Task objective: Produce as output only the lines below starting at the line with "На участке имеется" and continuing through the line with "Cellule de refroidissement, Armoires", each one exactly as written.

Task input:
....

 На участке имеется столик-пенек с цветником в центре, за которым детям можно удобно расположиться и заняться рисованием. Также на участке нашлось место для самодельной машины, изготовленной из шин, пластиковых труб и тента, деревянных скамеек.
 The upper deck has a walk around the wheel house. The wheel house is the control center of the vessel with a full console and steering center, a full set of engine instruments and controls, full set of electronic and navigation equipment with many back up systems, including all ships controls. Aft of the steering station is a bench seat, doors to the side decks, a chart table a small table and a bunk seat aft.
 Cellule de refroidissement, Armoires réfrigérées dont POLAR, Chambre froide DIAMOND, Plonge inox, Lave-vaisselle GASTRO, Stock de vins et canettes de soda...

....

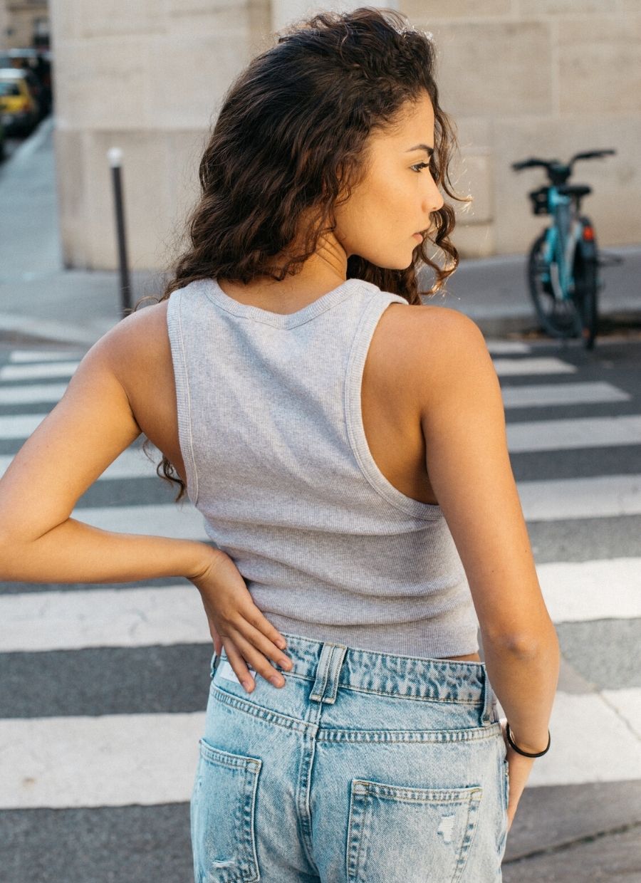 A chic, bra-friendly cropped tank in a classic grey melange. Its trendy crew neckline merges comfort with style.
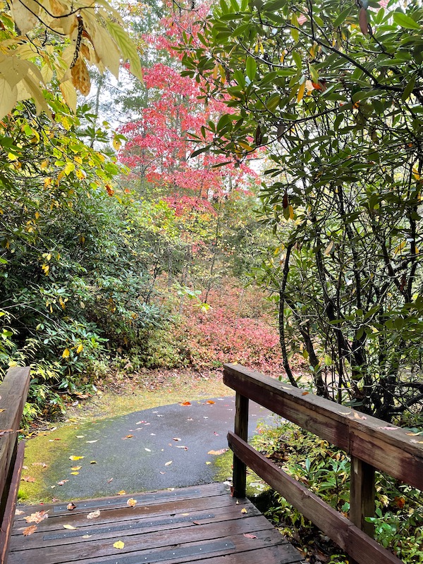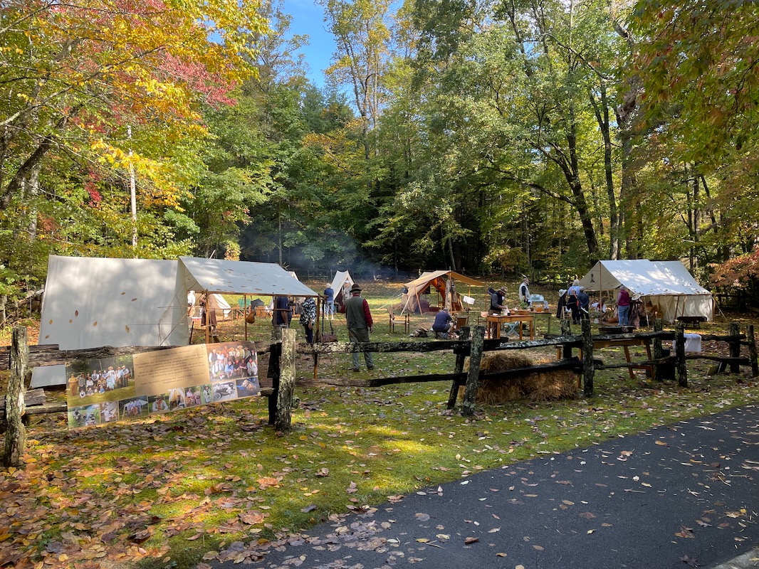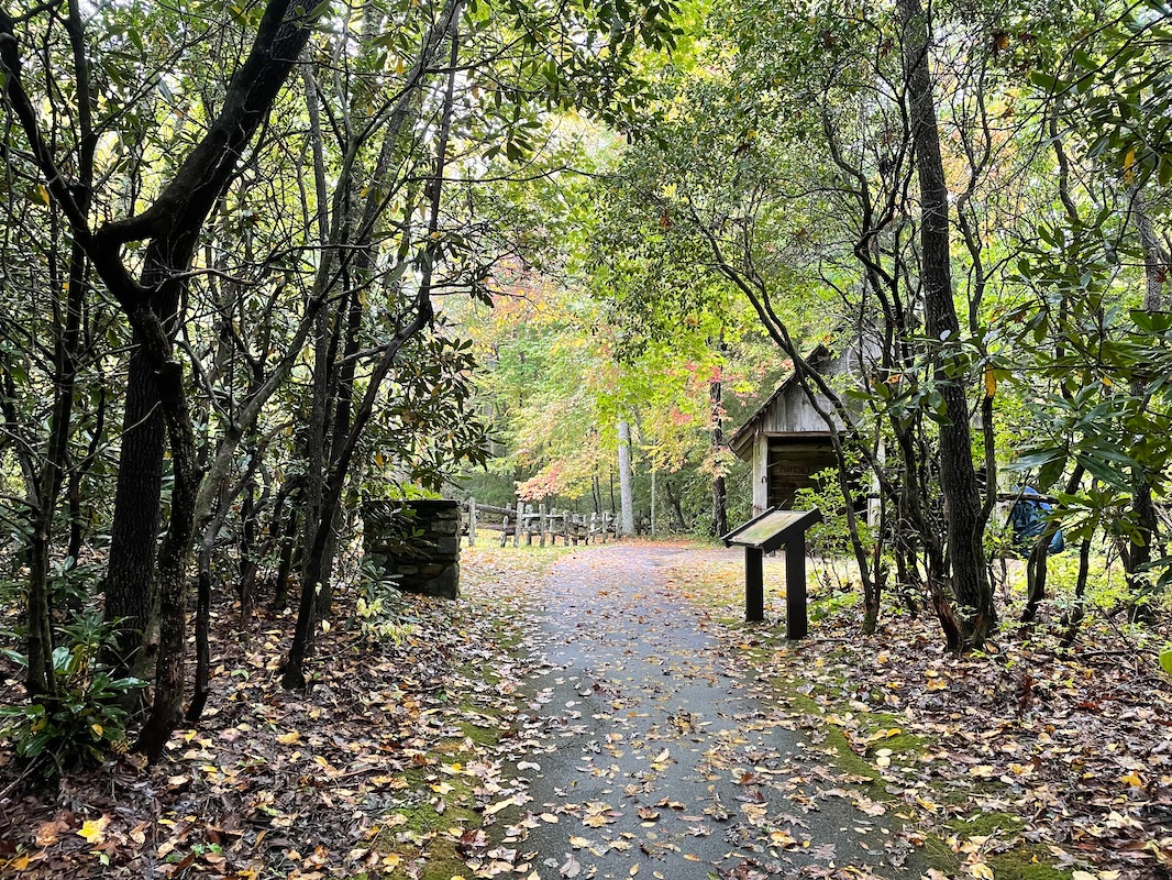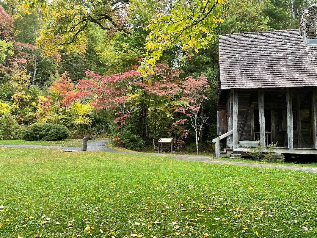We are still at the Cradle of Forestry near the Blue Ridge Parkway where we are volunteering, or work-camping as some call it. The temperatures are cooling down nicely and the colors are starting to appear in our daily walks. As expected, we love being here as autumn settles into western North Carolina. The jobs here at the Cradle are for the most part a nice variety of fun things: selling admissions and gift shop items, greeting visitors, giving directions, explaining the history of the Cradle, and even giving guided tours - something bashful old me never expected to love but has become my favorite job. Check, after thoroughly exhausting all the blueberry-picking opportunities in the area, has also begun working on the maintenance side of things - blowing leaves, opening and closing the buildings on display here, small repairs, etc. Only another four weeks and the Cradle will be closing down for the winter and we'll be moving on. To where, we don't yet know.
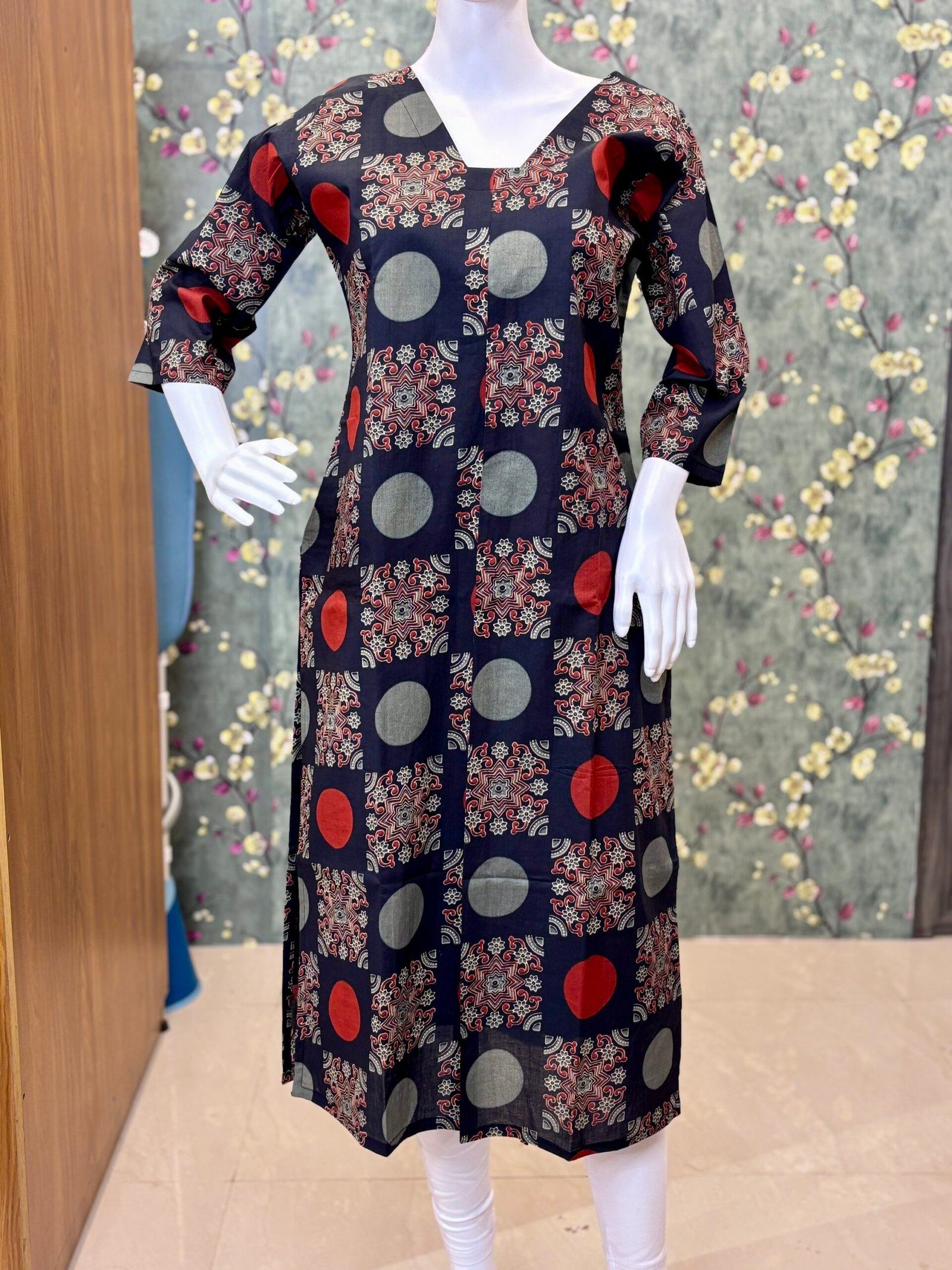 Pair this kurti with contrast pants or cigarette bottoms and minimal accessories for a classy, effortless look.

....

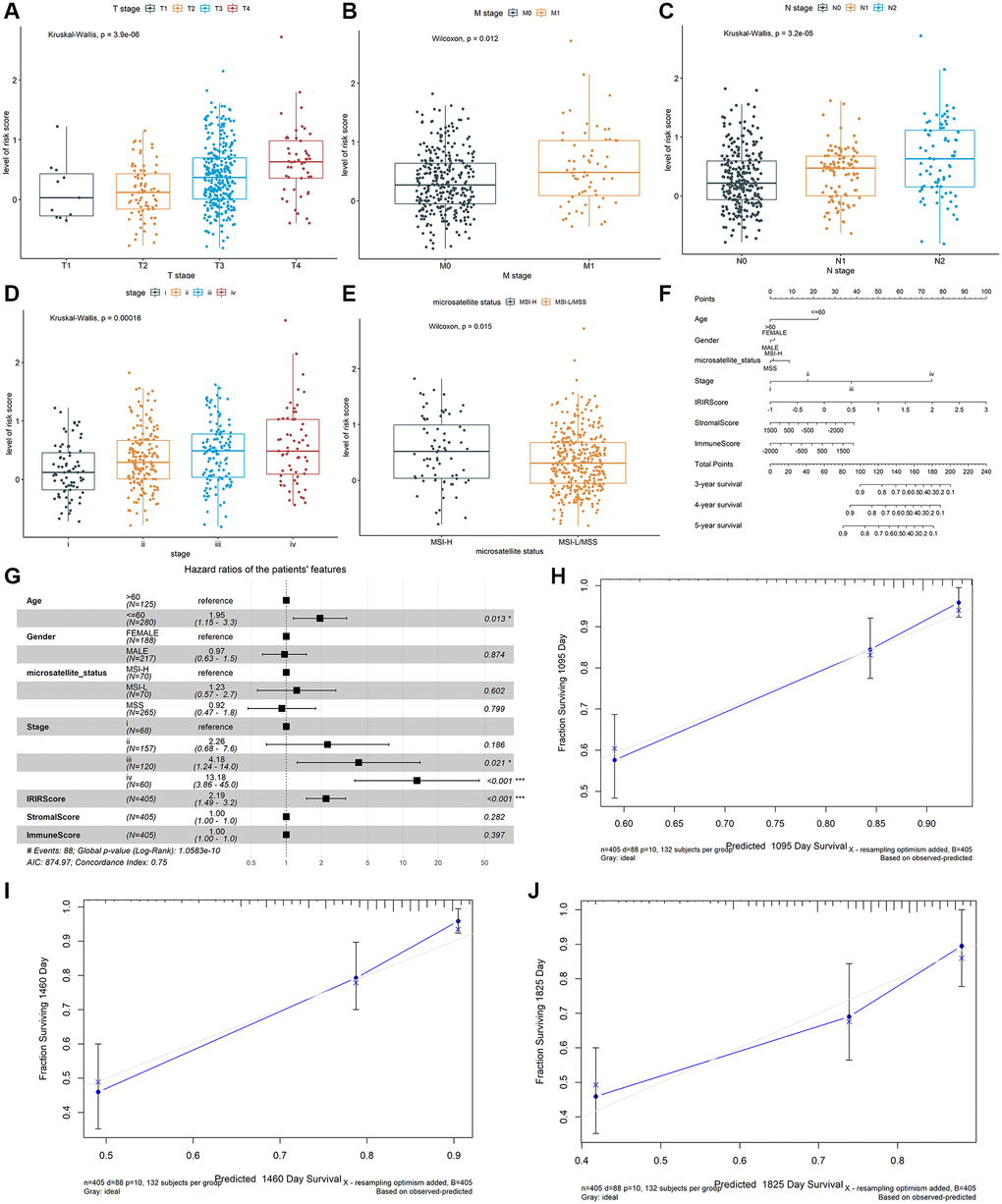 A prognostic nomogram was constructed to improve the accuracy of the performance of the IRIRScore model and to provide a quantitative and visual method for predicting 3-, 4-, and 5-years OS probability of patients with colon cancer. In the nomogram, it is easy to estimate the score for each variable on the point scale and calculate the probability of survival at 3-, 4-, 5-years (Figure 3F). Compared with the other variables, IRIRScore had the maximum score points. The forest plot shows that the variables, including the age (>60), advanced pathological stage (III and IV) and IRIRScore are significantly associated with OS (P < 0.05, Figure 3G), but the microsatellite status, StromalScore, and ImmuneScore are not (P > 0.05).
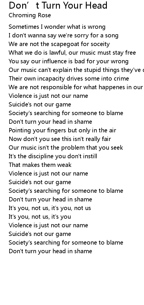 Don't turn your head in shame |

....

Response:
 На участке имеется столик-пенек с цветником в центре, за которым детям можно удобно расположиться и заняться рисованием. Также на участке нашлось место для самодельной машины, изготовленной из шин, пластиковых труб и тента, деревянных скамеек.
 The upper deck has a walk around the wheel house. The wheel house is the control center of the vessel with a full console and steering center, a full set of engine instruments and controls, full set of electronic and navigation equipment with many back up systems, including all ships controls. Aft of the steering station is a bench seat, doors to the side decks, a chart table a small table and a bunk seat aft.
 Cellule de refroidissement, Armoires réfrigérées dont POLAR, Chambre froide DIAMOND, Plonge inox, Lave-vaisselle GASTRO, Stock de vins et canettes de soda...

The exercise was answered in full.